Measurement: Sensors (Dec 2022)
Early prediction of hypothyroidism and multiclass classification using predictive machine learning and deep learning
Abstract
Thyroid disease is considered one of the most common health disorders, which may lead to various health problems. Recent studies reveal that approximately 42 million people in India face thyroid dysfunction or disorder problems. The thyroid hormone is responsible for thyroid disorder which may lead to hypothyroidism or hyperthyroidism problems. TSH (Thyroid Stimulating Hormone), T3 (Triiodothyronine, T3-RIA), FT4 (FT4, Free Thyroxine), T4 (Thyroxine), FTI (Free Thyroxine Index, FTI, T7) are the significant components of thyroid test which is performed to diagnose the behavior of thyroid hormone. However, manual analysis of these parameters on large databases to diagnose and predict hypothyroidism or hyperthyroidism is tedious. In this article, various machine learning-based techniques have been applied to build predictive models, which includes decision tree, random forest, naive Bayes and multiclass classifier and a deep learning (DL) based model Artificial Neural Network (ANN), which is best known for dealing with text data has been applied to predict the class of hypothyroidism.
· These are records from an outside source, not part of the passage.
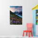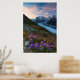 Esta foto mostra flores silvestres em rochas com glaciar Monte Rosa em fundo, Zermatt, cantão de Valais, Suiça.
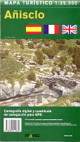 Topographische touristische Wanderkarte der Añisclo-Schlucht (Cañón de Añisclo) bei Ordesa in den spanischen Pyrenäen. Die Rückseite enthält 8 Wanderbeschreibungen auf englisch, französisch und spanisch.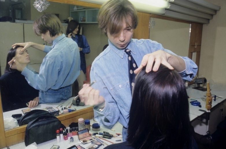 Сергей Зверев делает макияж фотомодели в центре красоты «Велла Долорес». Москва, 1994 год.

The performance evaluation indicates that the decision tree and random forest provide better results with the highest accuracy of 99.5758% and 99.3107% and very few error rates of 0.0424 and 0.0689, respectively. Furthermore, a comparison among the presented classifiers has been made, and also the proposed model has been compared with previous works, and it has been found that it shows better accuracy as compared to other related works. The DL-based ANN model also offers a competitive accuracy which is 93.8226%. Furthermore, this study can be useful for researchers to identify a suitable model for hypothyroidism detection and classification.